The AudioSpectrogramDistance metric evaluates audio similarity by comparing spectrograms (frequency-time representations) rather than raw waveforms. This approach is particularly effective for capturing timbral and spectral characteristics, making it suitable for evaluating music generation, speech synthesis, and audio effects processing where frequency content matters more than exact waveform matching.

Input Format

The metric accepts the same diverse input formats as AudioSNRNormalized (file paths, NumPy arrays, lists, etc.) and follows the same preprocessing and error handling logic. Additional considerations for spectral analysis include:

  • Audio Duration: Longer audio clips provide more reliable spectral analysis.
  • Sample Rate Consistency: While automatic resampling is supported, providing signals with consistent sample rates yields the most accurate results.
  • Minimum Length: Very short audio clips (e.g., shorter than the n_fft size) will raise a ValueError as a reliable spectrogram cannot be computed.
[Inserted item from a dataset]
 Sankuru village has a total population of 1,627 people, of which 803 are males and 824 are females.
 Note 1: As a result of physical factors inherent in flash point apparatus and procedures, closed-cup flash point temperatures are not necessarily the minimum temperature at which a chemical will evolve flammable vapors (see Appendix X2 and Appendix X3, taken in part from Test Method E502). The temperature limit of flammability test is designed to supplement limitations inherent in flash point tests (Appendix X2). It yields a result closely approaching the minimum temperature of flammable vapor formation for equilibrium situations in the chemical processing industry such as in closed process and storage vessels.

Recommended Input Characteristics:

# Optimal for spectral analysis (at least 0.1 seconds of audio)
optimal_length = int(0.1 * sample_rate)  # 4410 samples at 44.1 kHz
audio_signal = np.random.randn(optimal_length)
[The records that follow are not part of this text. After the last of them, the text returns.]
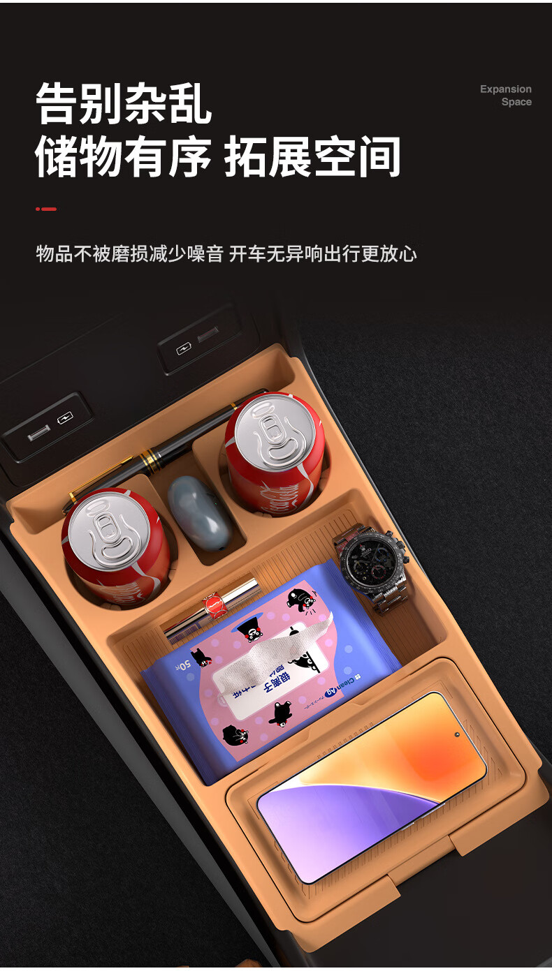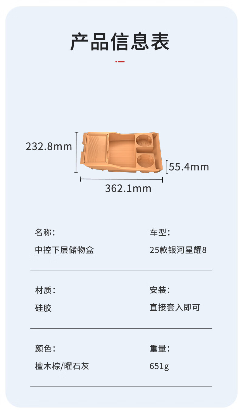 Tianzhenjue MDD is suitable for 25 models of Galaxy Star 8 central control storage box glasses storage box car accessories modified sandalwood brown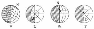 在下面四幅图的A、B、C、D四点中,处于黄昏的是 ( )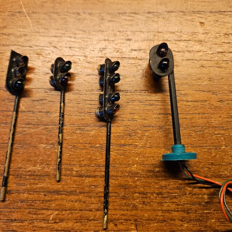 Div. H0 lyssignaler af ukendt fabrikat sælges samlet. Bemærk at det er lysdioder, så modstand på ca. 1k ohm skal monteres inden tilslutning til fx Märklin styring. På de 3 stk. til højre virker det røde lys ikke (diode skal skiftes). Sender gerne. Se også mine andre annoncer med modeltog

# Music/speech applications typically use these sample rates
sample_rates = {
    'speech': 16000,      # Common for speech processing
    'music': 44100,       # CD quality
    'professional': 48000  # Professional audio
}

Calculation

The AudioSpectrogramDistance metric employs Short-Time Fourier Transform (STFT) analysis followed by distance computation:

  1. Spectrogram Computation:

    • Check if scipy is available, raising an ImportError if not.
    • Apply STFT using scipy.signal.stft with configurable parameters (n_fft, hop_length, window).
    • Extract the magnitude spectrogram: magnitude = |STFT(audio)|.
  2. Temporal Alignment:

    • Ensure spectrograms have matching time dimensions by truncating the longer one to match the shorter one.
  3. Distance Calculation (configurable via distance_type):

    Euclidean Distance (default): - Computes the Euclidean distance between the flattened spectrograms and normalizes it by the average magnitude to handle scale differences.
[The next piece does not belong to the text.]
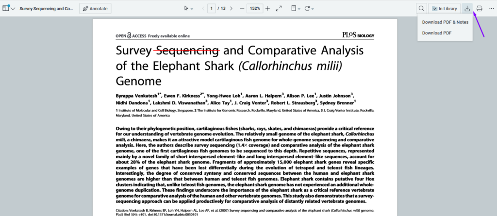 To download a copy of the PDF you are viewing – with or without any annotations you may have made – open the article in the Reader and click the “download” icon on the top right menu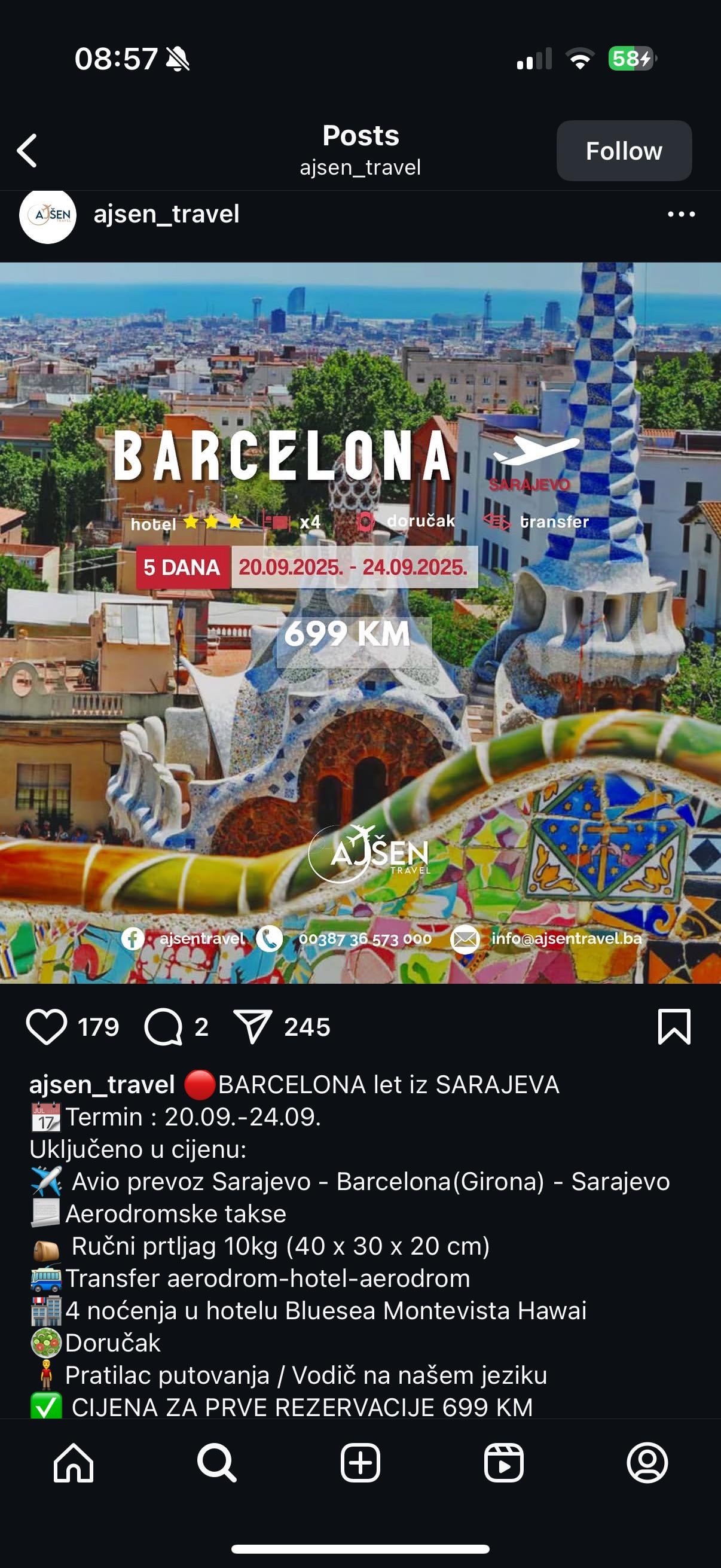 Titel Themen. Ich suche einen Kumpel, um zu reisen. Also die Person einer Frau. Ich bin ein Mädchen, 27 Jahre von Sarajevo. Es ist eine Reise in Barcelona im September, das Angebot ist auf dem beigefügten Bild. Wir können auch eine Vereinbarung ohne eine Agentur arrangieren, möglicherweise für eine andere Stadt / einen anderen Staat. Ich bin offen für alles. Da ich erst seit September war, ist es nur seit September, aus diesem Monat zu organisieren. Es kann in einem Kommentar oder in einer Nachricht auftreten, damit wir uns auf Kaffee befinden.

    Cosine Distance: - Compute normalized cross-correlation after mean removal - Formula: correlation = dot(spec1_centered, spec2_centered) / (||spec1_centered|| × ||spec2_centered||) - Distance: distance = 1 - correlation - Captures linear relationships in spectral content

  4. Similarity Conversion:

  5. Transform distance to similarity using exponential decay: similarity = exp(-distance)
  6. Maps distance [0, ∞) to similarity (1, 0], where 1.0 indicates identical spectrograms
  7. Apply clipping to ensure [0, 1] range

Usage

from gaico.metrics.audio import AudioSpectrogramDistance
import numpy as np

# Initialize with default parameters (Euclidean distance)
spec_metric = AudioSpectrogramDistance()

# Example 1: Compare harmonic content
# Generate two sine waves with different frequencies
t = np.linspace(0, 1, 44100)
signal_440hz = np.sin(2 * np.pi * 440 * t)  # A4 note
signal_880hz = np.sin(2 * np.pi * 880 * t)  # A5 note (octave higher)
signal_440hz_copy = signal_440hz + 0.01 * np.random.randn(44100)  # Slight noise

score_identical = spec_metric.calculate(signal_440hz, signal_440hz_copy)
score_different = spec_metric.calculate(signal_440hz, signal_880hz)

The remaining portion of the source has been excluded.